Where the line containing "Chocolate Mousse Cheesecake" appears, end the copy there, keeping that line; start from the first line of the entries, copy exactly, and omit pictures.

··· SUPPLIED MATERIAL ···

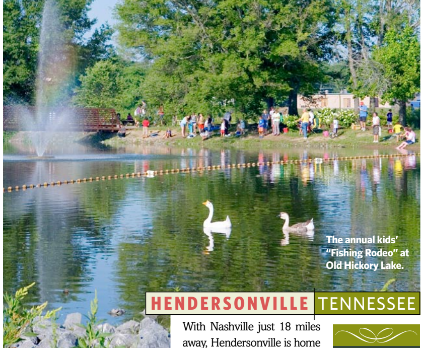
The annual kids' "Fishing Rodeo" at Old Hickory Lake.

GOLD STAR Lessons in compassion start early. Elementary school kids do service projects, like making meals for the elderly, every year. In 2008 first-through fifth-graders at one school raised $13,500 for the American Heart Association.
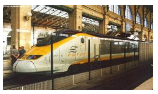
The Eurostar in the Gare du Nord, Paris.

In related news, Prime Minister Jean-Pierre Raffarin inaugurated the assembly line of the A380 super-jumbo on May 7 in Toulouse. The A380, built by Airbus, will be the largest civilian airliner in the sky when it takes flight in early 2005. The Airbus factory is itself a breath-taking wonder: it measures 490 meters long by 250 wide and 46 high (539 by 275 by 50.6 yards).
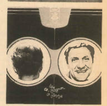
LE JAZZE-LEE GAGNON Capitol-ST 6253-F. An exciting jazz entry from Montreal's best. Excellent fare for international recognition. No language barrier, strictly music, and original.
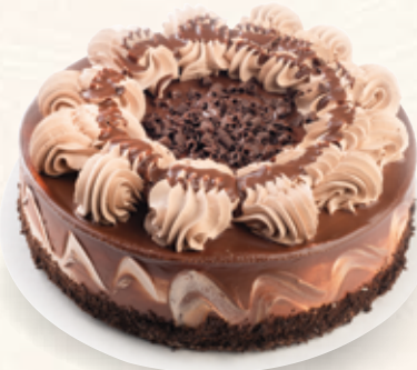
Chocolate Mousse Cheesecake
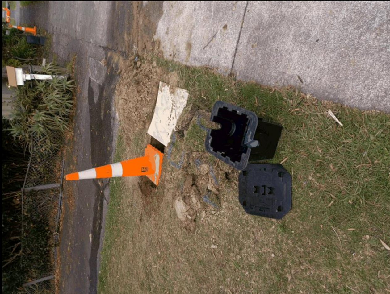
1902. Toby replacements 2
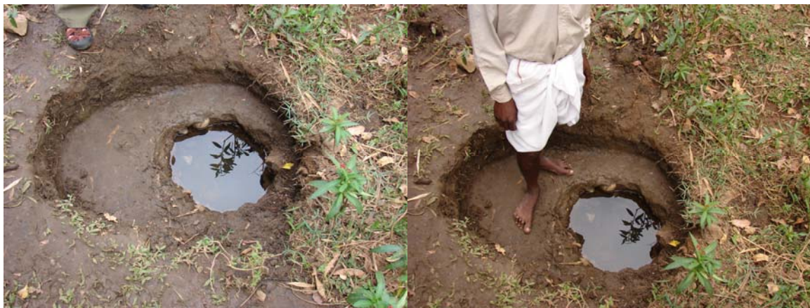
Existing alternate water resources for Chemmanatham Village

On finalization of design and costs associated, Touchwood will submit an in-principle proposal to the government seeking permission to take this further.
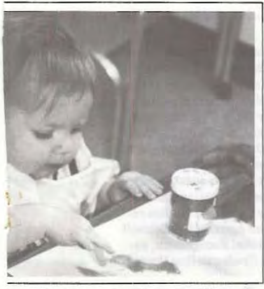
etoddlers' Room, brushes up on his artisinting class in the afternoon.
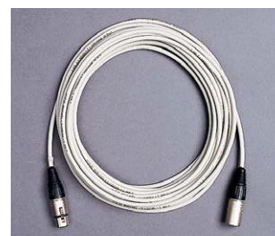
Extension cable XL, GA-00150
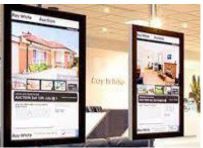
Digital window sign
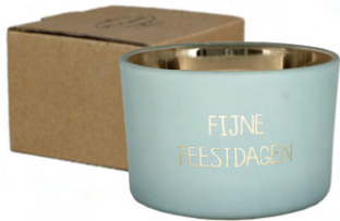
SKU: C2.2.142 Scent: Winter Glow Size: D.7.5 x H.5 cm Quantity: 6
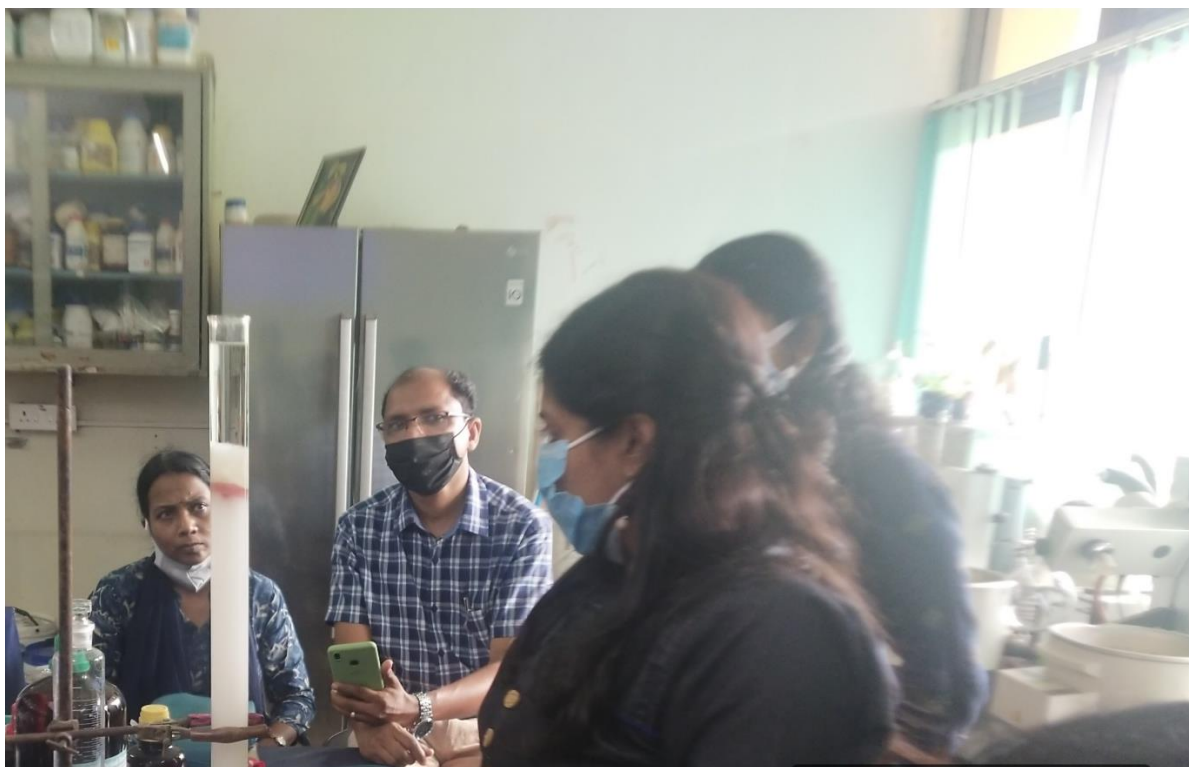
AN INTER-DEPARTMENTAL TRAINING PROGRAM ON PHYTOCHEMISTRY ORGANIZED FOR FACULTIES OF THE DEPARTMENT OF BOTANY, SREE NARAYANA COLLEGE, KOLLAM AND THE DEPARTMENT OF BOTANY, MAHATMA GANDHI COLLEGE, THIRUVANANTHAPURAM.
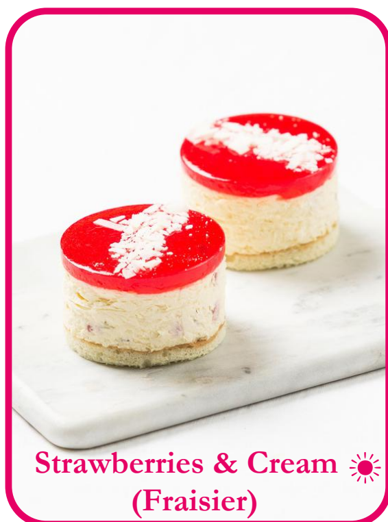
Strawberries & Cream ☀ (Fraisier)

Smooth vanilla cream swirled with Oreo biscuit pieces and decorated with a cream rosette and an Oreo biscuit.
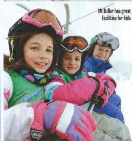
Mt Buller has great facilities for kids
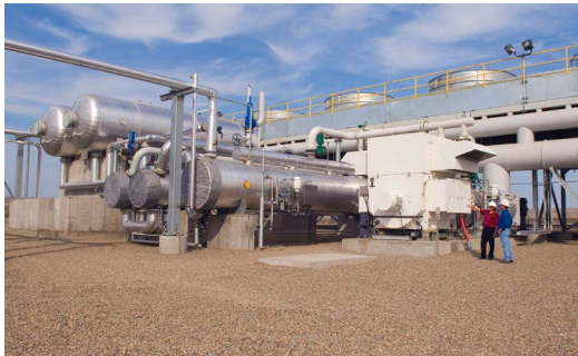
Pipeline CHP facility in St. Anthony, North Dakota.

In 2007, North Dakota established a voluntary renewable portfolio standard, an objective that includes CHP and WHP as eligible resources. Under the objective, 10 percent of all retail electricity sold in the state would be obtained from renewable and recycled energy sources by 2015. The target applies to all types of utilities. Municipal and electric cooperatives that receive wholesale electricity through a municipal power agency or generation and transmission cooperative can aggregate their renewable and recycled energy to meet the objective. This goal was surpassed in 2010 and at the end of 2013 the state surpassed 15 percent.
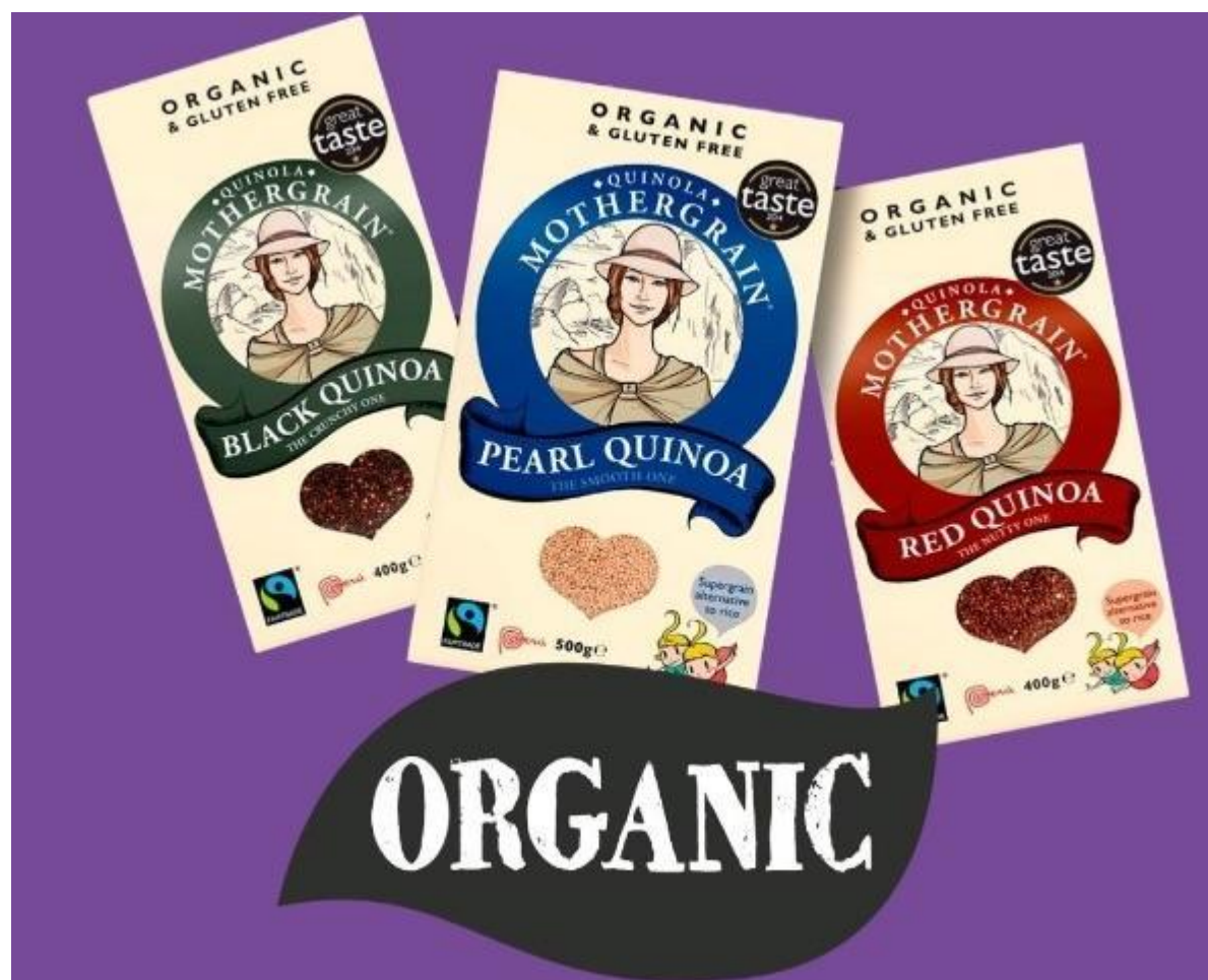
Figure 4: Double-certified quinoa products of the British BCorp certified company Quinola
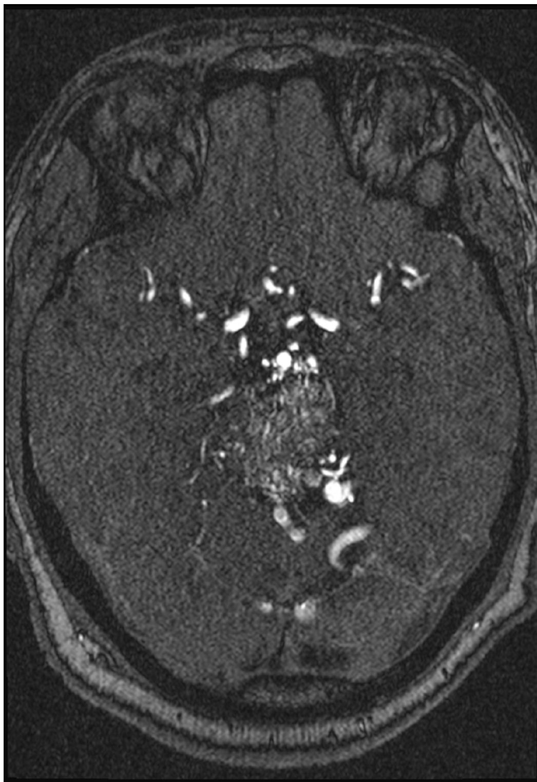
FIGURE 4: MRI head with contrast, axial section

Feeders were mostly from the posterior circulation, with three intranidal aneurysms, all draining into the deep venous system (Figures 5-7). The AVM was deemed inoperable, and the patient was treated with onyx embolization for two of the three feeding vessel aneurysms. Even following the treatment, the symptoms persisted, affecting the patient's quality of life significantly. He was diagnosed with major depressive disorder (MDD) six months after the diagnosis and treatment and was admitted a year later with suicidal ideation and substance use
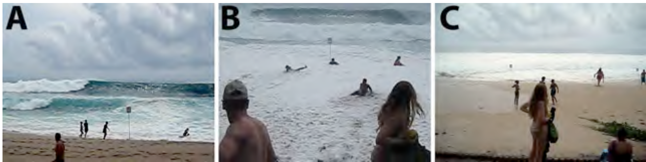
Figure 3. Video footage extracts of the March 20 th , 2010 wave train observed at Boucan-Canot. A: arrival of the wave train, B: flood, C: back to normal.
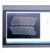
Richpeace Control System
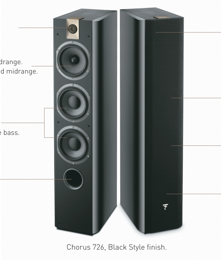
Chorus 726, Black Style finish.

New grille cloth design Better integration
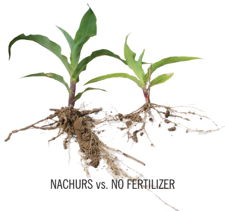
NACHURS vs. NO FERTILIZER

FIRST AID: Please see MSDS sheet for more information, call (800) 622-4877 or visit us online at www.nachurs.com .
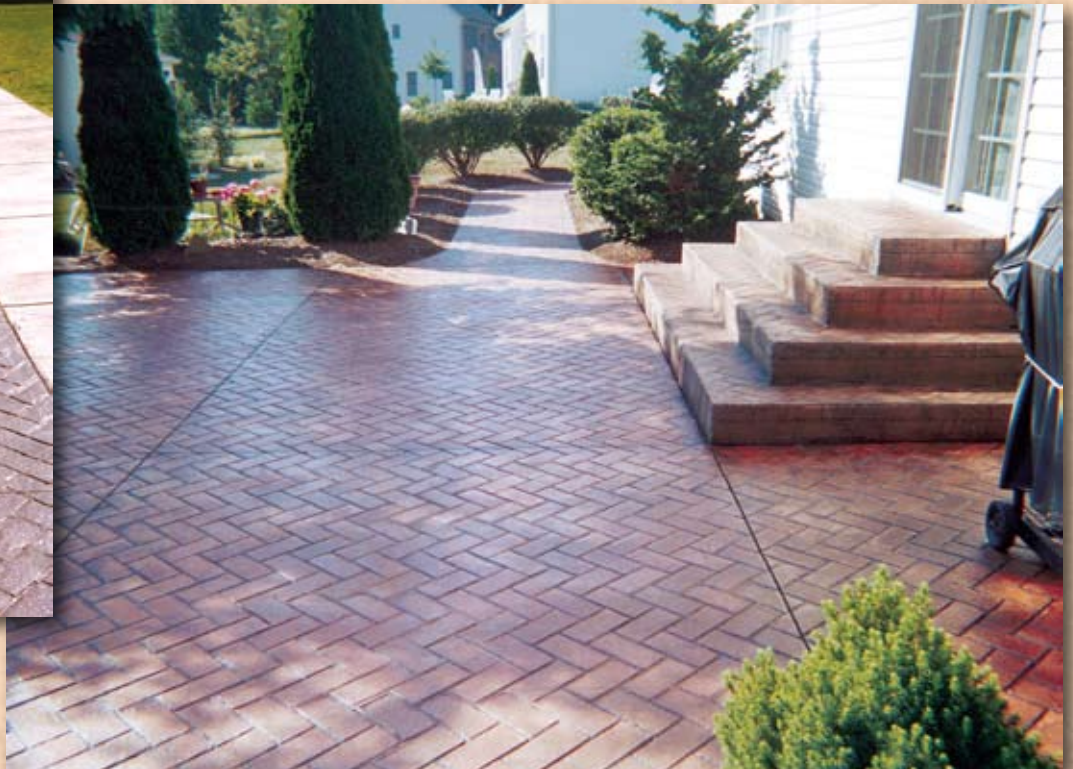
Rust Integral color with Dark Brown Release using a Herringbone Brick design.

···

▸ RESPONSE
The annual kids' "Fishing Rodeo" at Old Hickory Lake.

GOLD STAR Lessons in compassion start early. Elementary school kids do service projects, like making meals for the elderly, every year. In 2008 first-through fifth-graders at one school raised $13,500 for the American Heart Association.
The Eurostar in the Gare du Nord, Paris.

In related news, Prime Minister Jean-Pierre Raffarin inaugurated the assembly line of the A380 super-jumbo on May 7 in Toulouse. The A380, built by Airbus, will be the largest civilian airliner in the sky when it takes flight in early 2005. The Airbus factory is itself a breath-taking wonder: it measures 490 meters long by 250 wide and 46 high (539 by 275 by 50.6 yards).
LE JAZZE-LEE GAGNON Capitol-ST 6253-F. An exciting jazz entry from Montreal's best. Excellent fare for international recognition. No language barrier, strictly music, and original.
Chocolate Mousse Cheesecake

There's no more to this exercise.